Мускат розовый Ливадия, урожая 1918 года

                … в самые трудные годы они не жалели
                для Родины ни крови, ни жизней.
                М. Каратеев «Последние дни в Крыму»


        Кашляя и плюясь дымом, старая «Хриси» нехотя стала отходить от причала. Двое греков, заросших по самые глаза жесткими, седыми волосами, вертелись у рулевого колеса, разворачивая баржу в море.

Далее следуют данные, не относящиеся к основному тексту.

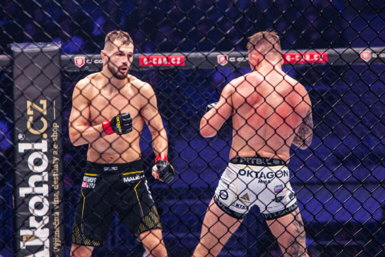 Tomáš Cigánik (SVK) a Kevin Enz (GER) počas zápasu v MMA (zmiešané bojové umenie) v rámci zápasového večera Oktagon 63 v priestoroch Zimného štadióna Ondreja Nepelu v Bratislave. Bratislava, 9. november 2024. Foto: SITA/Bokor Tomáš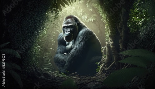 Wall mural gorilla hidden in the forest. created with generative ai. - Wall murals Wall mural gorilla hidden in the forest. created with generative ai. - Wall murals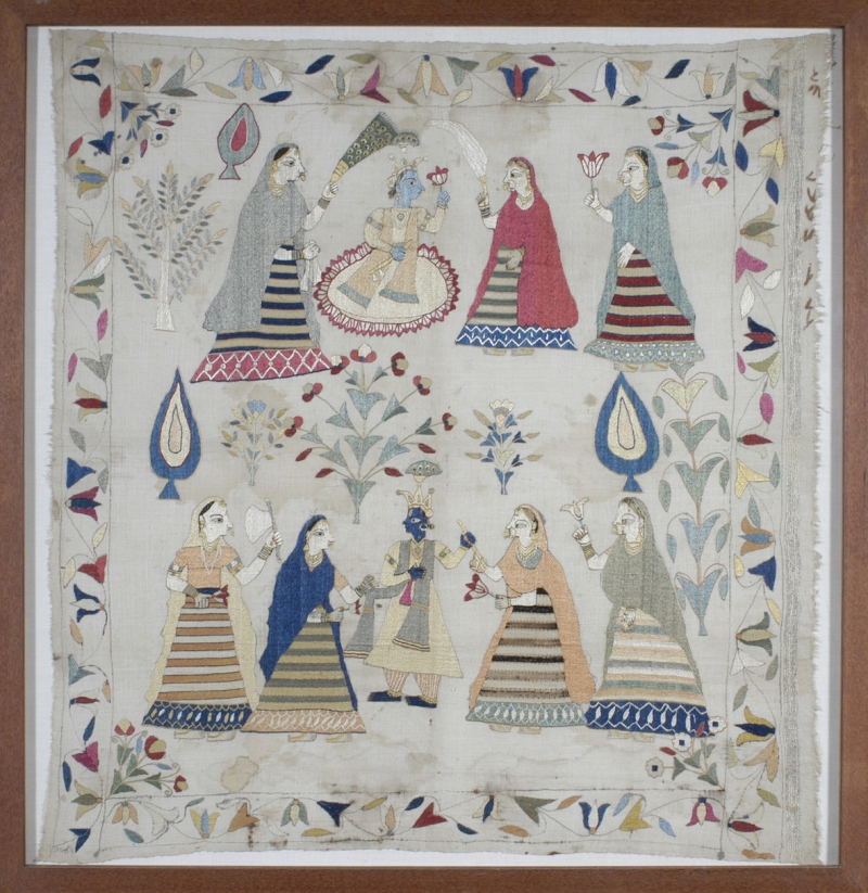 Chamba rumal with a representation of Krishna and the gopis. India, c. AD 1800.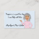 Cet carte de visite a mon joli dessin d'une dame aux cheveux vraiment bouclés. Elle porte un chapeau rose qui ressemble à un fumier d'esthéticienne ou de coiffeuse.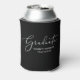Chic black can cooler to toast the graduate at her graduation party featuring "graduate" in an elegant white script and her name in simple white modern typography.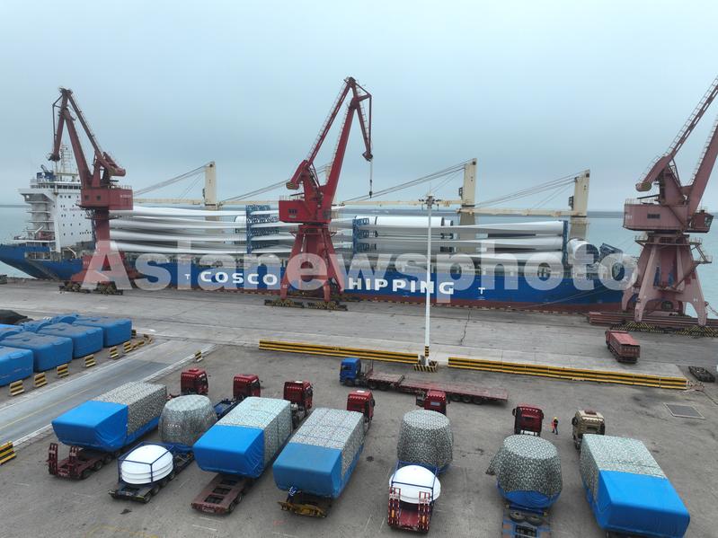 近年来,江苏省连云港市大力发展风电设备制造产业,形成了从叶片、塔筒、电机控制系统到机组的风电装备研发和制造产业链,一批又一批风电设备从连云港港装船出口到海外。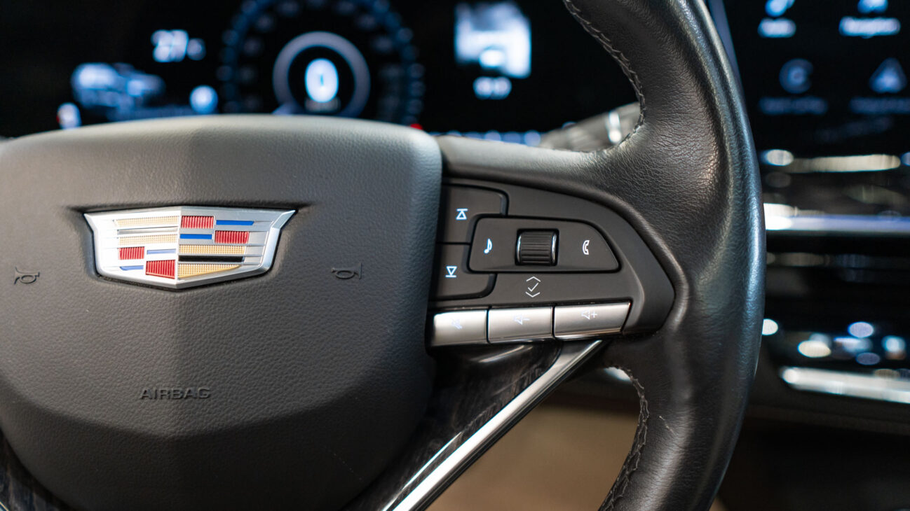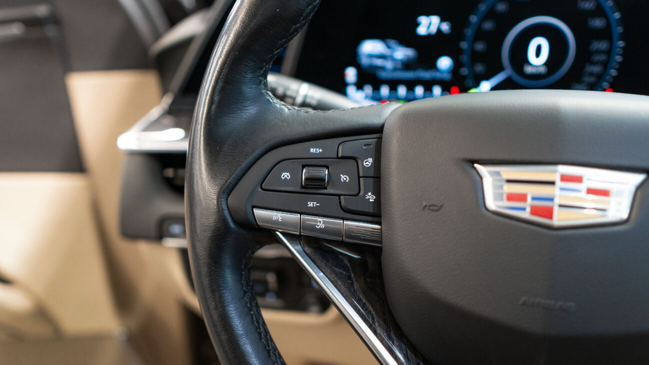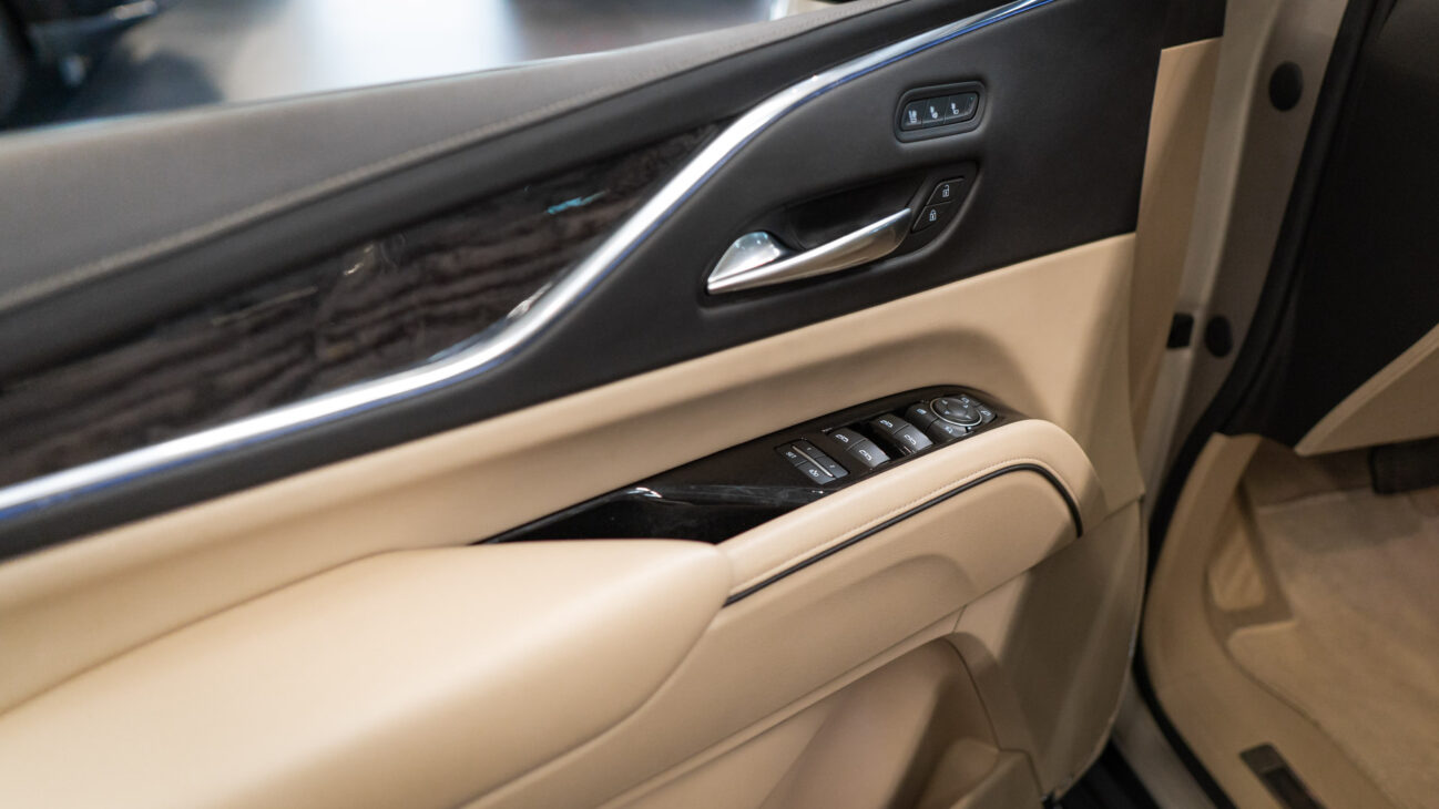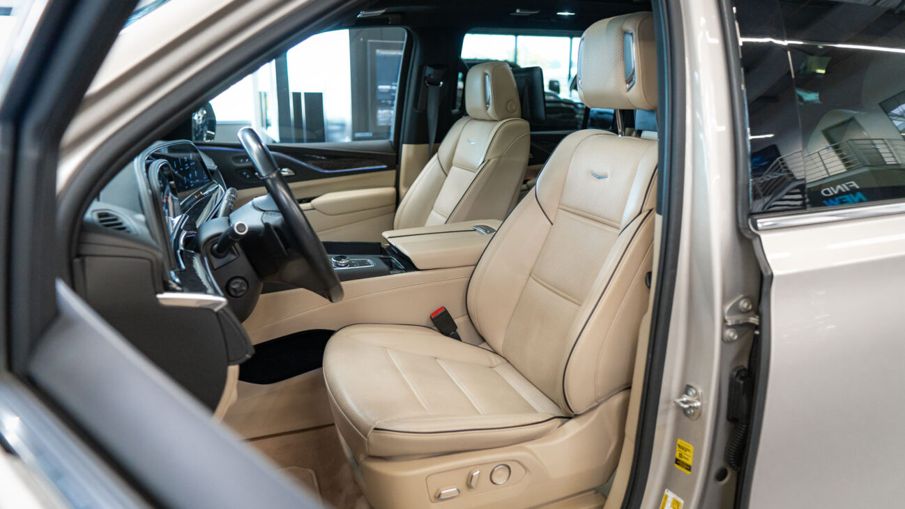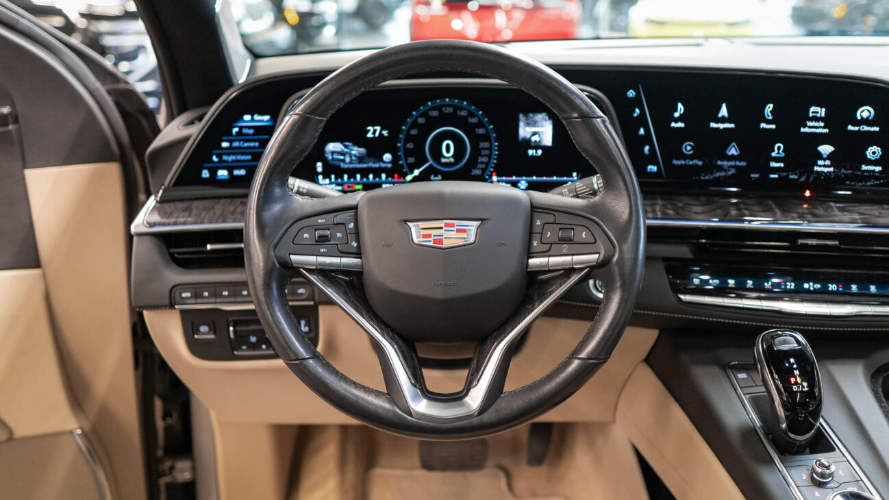 The Premium Luxury trip has a first class 6 seat interior in full perforated leather. First row seats are both heated and ventilated while offering 12-way adjustment. Heated second row seats. Luxurious infotainment system consists of a huge 16,9″ OLED touch screen and fully digital 14,2″ driver cluster. Rear media center includes two 12,6″ screens with HDMI/USB connectivity and option to project media from mobile devices. The set includes a premium quality Cadillac wireless headphones.

        - Господа! Господа! Где одеяла и пледы? – перешагивая и спотыкаясь через чьи-то ноги и тюки, сваленные как попало, по палубе бродил «Дед»*, - Господа, все одеяла отдайте младшим. Я Вас прошу господа. Ночью в море будет сыро. Попростывают ведь.
        - Владимир Валерианович, щас найдем, - кадеты бросились шарить по палубе.

        Одеяла нашли, стряхнув с них какого-то гражданского с чемоданами, и стали укутывать младших. Мне попался лопоухий пятиклассник из Курска, который все время ходил за мной как на привязи и громко вздыхал. Как только я накрыл его  одеялом, он  и вовсе завсхлипывал, ткнулся мне куда-то под мышку и заскулил как маленький щенок.  Пришлось прижать его к себе и, баюкая, успокаивать.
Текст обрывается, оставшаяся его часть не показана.